To achieve the goal of this project, the next section will cover experiments and describe the comparison method central to this repository and a popular model simplification approach. The section following is reserved for findings and the last one will bring together this project by discussing the relevance of its findings.

Methods and Experiments

Experiments were done to assess randomness of magnitude stability in neural networks. If the process of magnitude-stable node accretion is completely random, independent of models and input data, there is little point in attempting to understand networks in an effort to produce time-effective pruning mechanisms (Figure 1). Magnitude stability as defined below relies on stable nodes holding their position throughout training. Which nodes become stable may be completely random, determined somewhere during training, but once fixed, a node value should not vary widely, going from significant to unimportant in determining model outcome. Moreover, accretion of magnitude stability must be a function of input data because data properties, such as their size or within-class variance, are what determine model predictive performance. What is less clear is the influence of model choice on the accretion of magnitude-stable node positions during training. What can also be of value is the relative importance of input data and model in determining magnitude stability. One may not have a choice as to data quality, but choosing models is less of an impediment.

Fig. 1. Underlying justification for magnitude stability approach to neural network model pruning.

Analyses in this study were based on the construct of node magnitude stability, herein defined as the number of epochs where node weight values of within a layer retained their value from that of the stable model within a given tolerance. More formally, node magnitude stability is defined as

lim |W_ijk,t − W_ijk,t−1| ≤ ϵ

where W = weight, i = row, j = column, k = depth (color channel), t = epoch, and ϵ = tolerance.

To determine magnitude stability, all nodes from a model layer at each epoch are sorted by their weight absolute value. The sorted nodes of the last epoch are used as reference. The position of reference nodes is noted and followed backward to the first epoch. The number of consecutive epochs from the reference nodes where node weights in the same position retain a value within a tolerance is defined as the magnitude stability for that node position.

To assess the underlying mechanism that governs model pruning using the con- struct of magnitude stability may be assisted by a formulation of the process through training time describing accretion of magnitude-stable node positions. It is postulated that the accretion will start slow due to the randomness or quasi-randomness of model weight initial conditions. As training progresses the most influential nodes for model prediction are fixed early, followed by less influential nodes late during training. The process herein proposed for describing node accretion depicts cases ranging from few influential nodes at one extreme to a large number of nodes contributing to model predictive abilities (Figure 2).

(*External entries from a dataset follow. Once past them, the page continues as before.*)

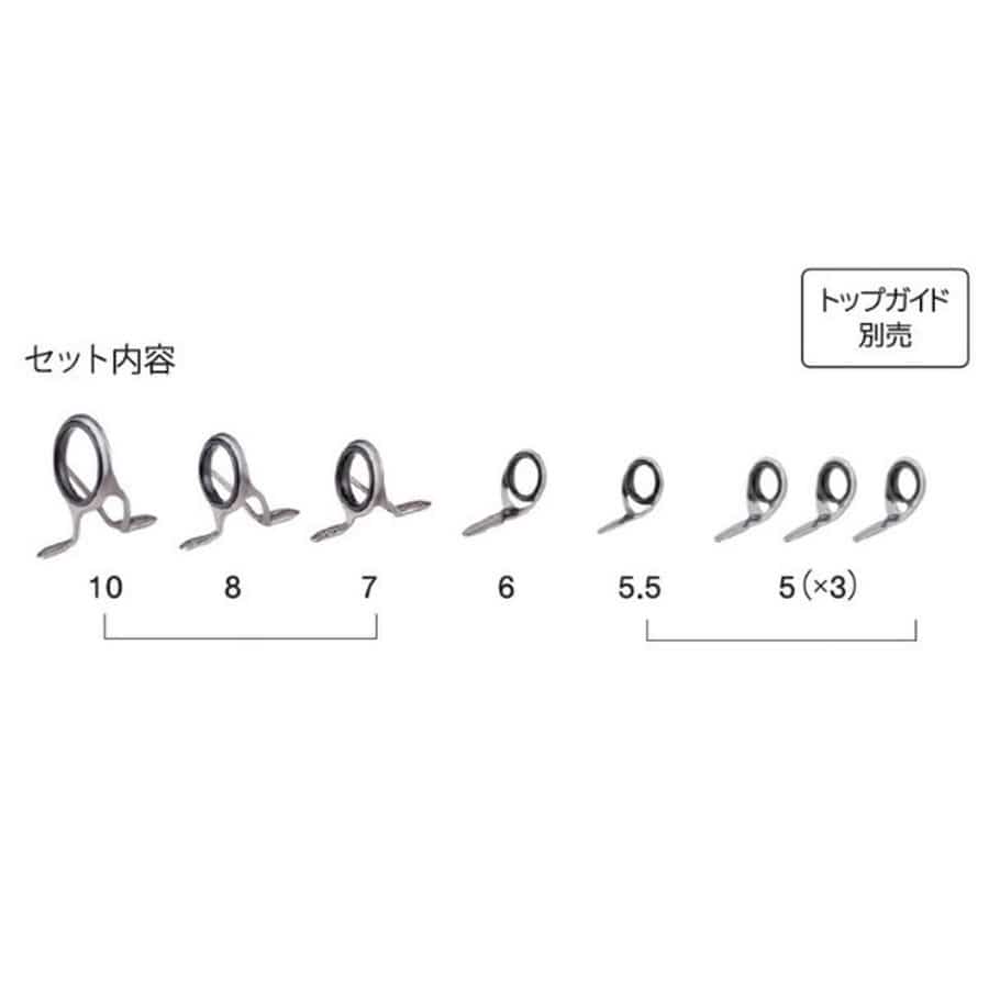 ガイド数:8個(トップガイド別売) 標準全長:5ft~7ft 推奨ライン:5lb~20lb(PE MAX1.5号) ※標準全長より長いブランクスの場合は、推奨ガイドをティップ部分に追加してください。
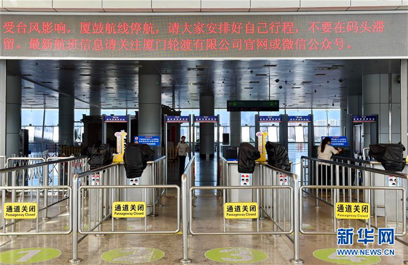 厦门国际邮轮中心厦鼓航线游客通道已经关闭(9月27日摄)。 9月27日,福建省启动防台风Ⅱ级响应,有关部门提醒海边作业人员注意安全转移,做好渔船进港、电力设施防护、关闭沿海景区等工作。 9月27日12时,今年第17号台风“鲇鱼”中心位于距离厦门480公里的洋面,近中心最大风力15级(强台风级),并以每小时20公里左右的速度向西北偏西方向移动。预计将于28日凌晨到上午在福建惠安到漳浦沿海登陆。新华社记者林善传摄
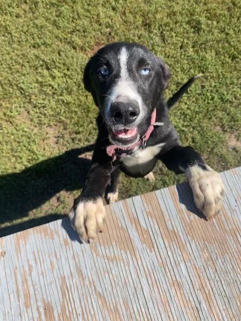 Hi there! My name is Onyx. I am a sweet girl here at KAAS looking for my forever home! I came in with my four brothers (I am the only girl!) after being saved off a busy highway in rural NE. I am a little shy but my personality is slowly starting to shine! I am very sweet and loving and love being close to people- Id make a great snuggle bug! Because I am a puppy, adapting to a new home will be fairly easy for me, but I will need lots of training because I am still young! If you are interested in me or any of my siblings, call or stop by the shelter today!
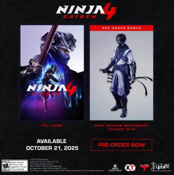 终极忍者动作冒险游戏系列《忍者龙剑传》的刺激高速动作强势回归。由白金工作室和Team NINJA共同开发制作的《忍者龙剑传4》已经开启预购。目前可购买版本分为标准版和豪华版两种。即日起预购可获得角色皮肤等多种奖励。

Fig. 2. Theoretical relationship between the mean number of magnitude-stable nodes and training epoch.

The functional relationship above may best be described by a biological growth curve, commonly used in theoretical population ecology. That relationship takes the form

N_t = K / [1 + (K−N₀/N₀) e^−rt]

where t is as above, and Nt is the number of magnitude-stable nodes at epoch t, K = maximum number of magnitude-stable nodes, N₀ = number of stable nodes at the first epoch, and r = the rate of magnitude-stable node accretion during model training.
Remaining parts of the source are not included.